Мы знали, что сил и средств у нашей армии было достаточно, чтобы отразить любой удар врага. Но на войне, как известно, возможны всякие неожиданности. А потому все мы [114] тревожились за судьбу своих войск, сражавшихся на Курской дуге...
Дивизия Чучева в соответствии с планами 8-й воздушной армии продолжала активно действовать в Донбассе, нанося бомбовые удары по железнодорожным узлам, двигавшимся эшелонам, по переправам и аэродромам противника.
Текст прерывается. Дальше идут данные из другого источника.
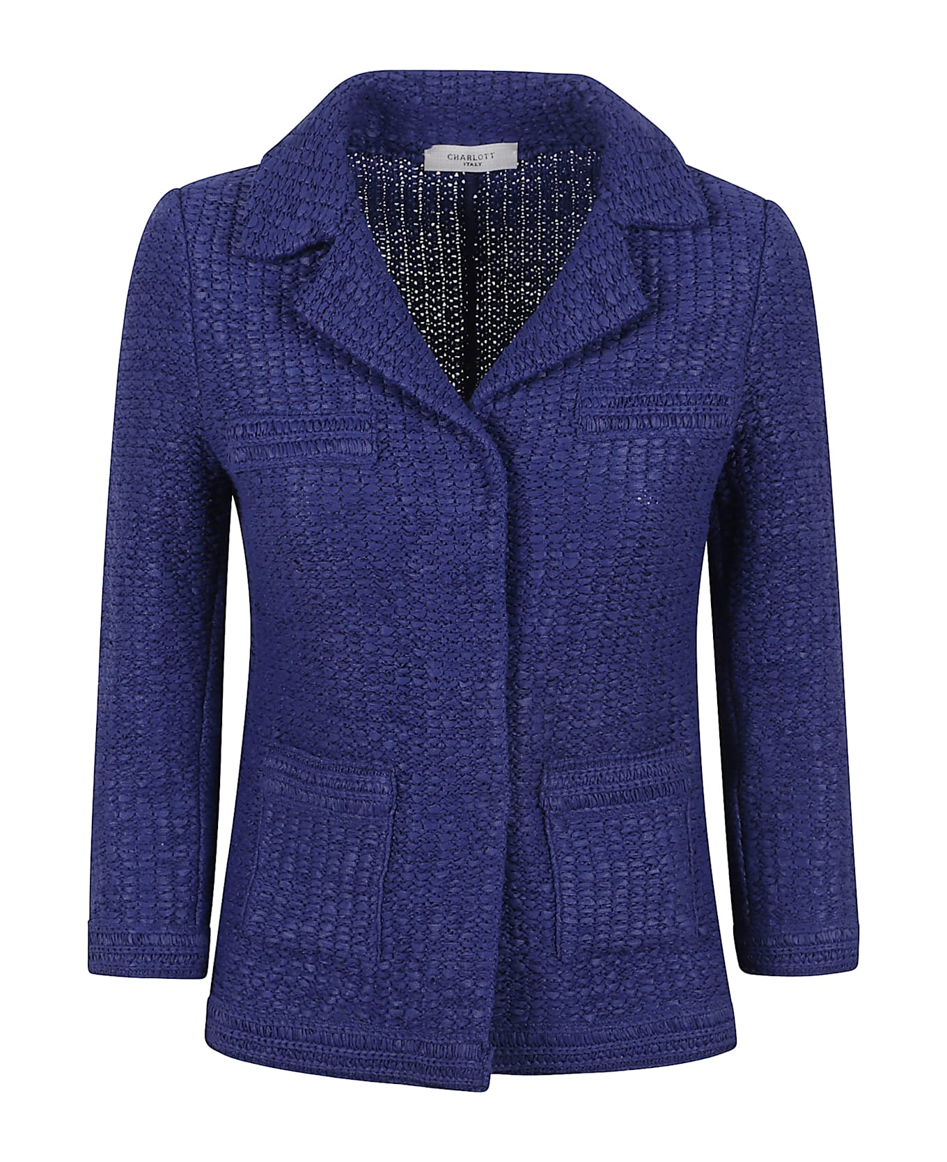 Short, waisted and fitted, very light handcrafted knitted jacket with patch pockets and press studs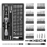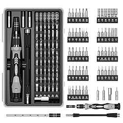 61 in 1 Screwdriver Kit: This 61 in 1 Precision Screwdriver Set includes 57 precision specialty bits, magnetized driver handle, flexible extension, 1/4" to 4 mm driver adapter, Which can repair many electronic devices and other tools High Performance Specialty Bits: These screwdriver bits are made of CRV steel, whose hardness can reach to HRC52-56, reliable and high performance Mangnetic Design: The extension shaft have mangnetic feature, which makes the screwdriver bits much more easy to use. You just need to choose the bit that you need and put it into the hole of the handle, and the bit will be sucked tightly because of the magnetism Flexible and Extension Shaft: This repair tool kit comes with adjustable extension shaft to fix some screws in deep position and reach narrow areas. A flexible shaft for stereo work as well as other large electronics where the screws are not on the surface Wide Application: Multi- Precision Screwdriver bits is a complete repairing tools for Pad, Phone, Tablets, Laptops, PC, Smartphones, Watches, Glasses, Camera PS4/Xbox controller and Other Electronic Devices Heartwarming Reminder: The logo of the screwdriver handle of the old and new versions will be different; The performance of the 2 versions is exactly the same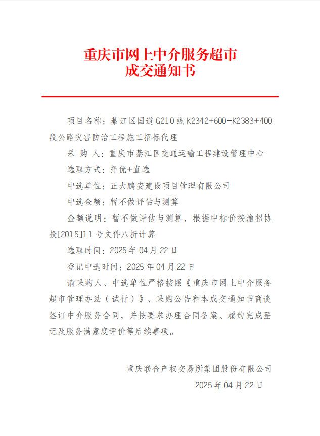 2025年4月22日,經(jīng)評(píng)標(biāo)委員會(huì)綜合評(píng)審,招標(biāo)人確認(rèn),正大鵬安建設(shè)項(xiàng)目管理有限公司中標(biāo)綦江區(qū)國(guó)道G210線K2342+600-K2383+400段公路災(zāi)害防治工程施工招標(biāo)代理項(xiàng)目。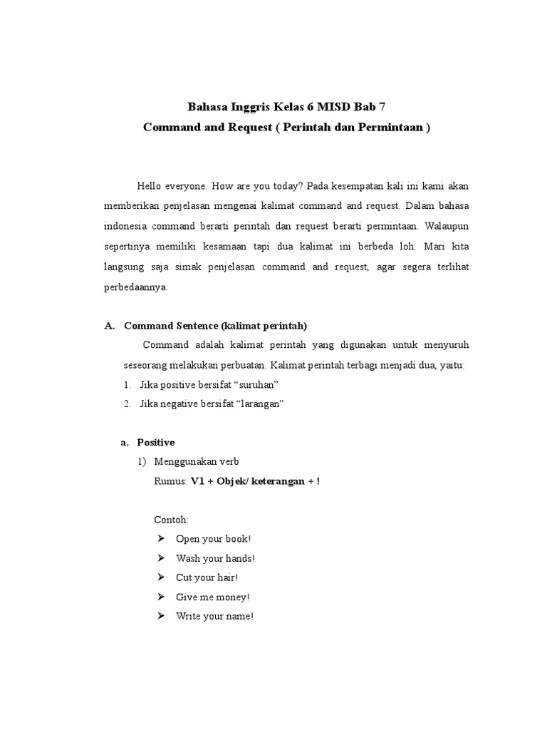 Contoh Kalimat Perintah Dan Permintaan Dalam Bahasa Inggris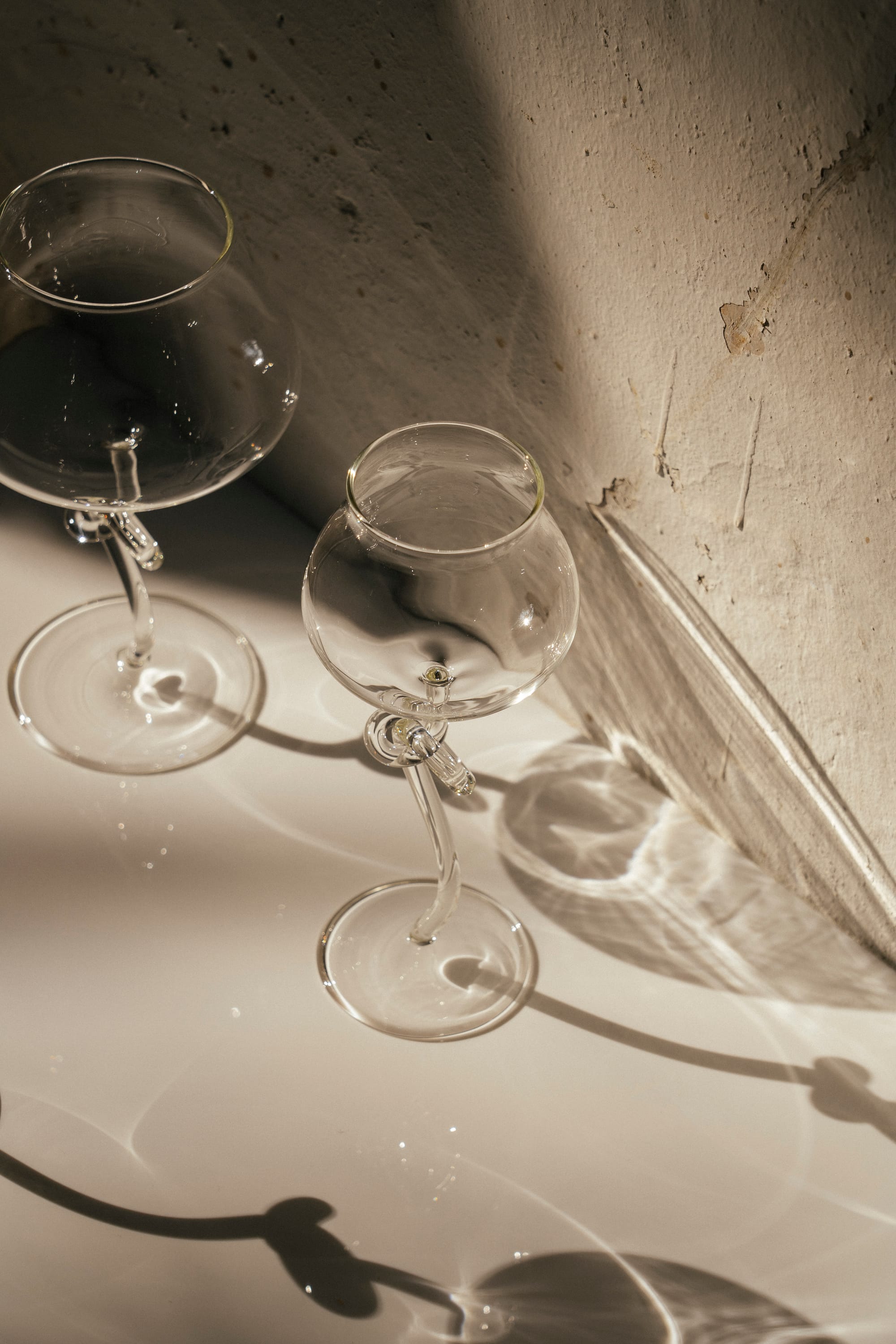New Piece's Spira Vitae Wine Glass evokes elegance and sophistication, reflecting the literal twisted form of the stem whilst hinting at the celebration and vitality that wine symbolises. Crafted from premium high-borosilicate glass, this handmade piece embodies elegance and refinement. The cup’s silhouette is delicately thin and lightweight, offering exceptional clarity and resilience to high temperatures. Each wine glass features a hand-sculpted knot at its center, a signature touch by our master artisans—effortlessly unique and artfully poised.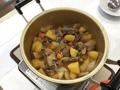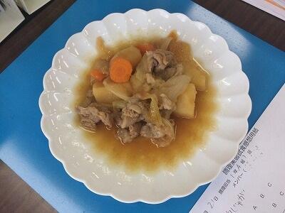 ほくほくのジャガイモにとっても良い味がしみこんで、大変おいしくできました。このおいしさは写真では伝わらないのが残念です。「お家でも家族に作ってあげてね」と言ったら「はい」という返事でした。

Наш 10-й гвардейский авиаполк продолжал наносить групповые удары по заданным целям в районах Сталино, Харцызск, Иловайская, Кутейниково, Волноваха, Горловка, Запорожье, Пологи, Таганрог. При этом мы нередко действовали не только днем, но и ночью. Так, например, в течение двух ночей мы непрерывно бомбили железнодорожный узел Горловка, через который гитлеровцы в разных направлениях перебрасывали резервы.
В перерывах между вылетами экипажи спали вповалку на земле, сбившись в кружок. Мы так уставали, летая почти без передышки днем и ночью, что перестали реагировать даже на взрывы бомб. Но стоило только технику подойти к своему летчику и сказать: «Самолет готов к вылету!» как командир тут же вскакивал, расталкивал штурмана и радиста, и через пять-шесть минут все находились уже в воздухе.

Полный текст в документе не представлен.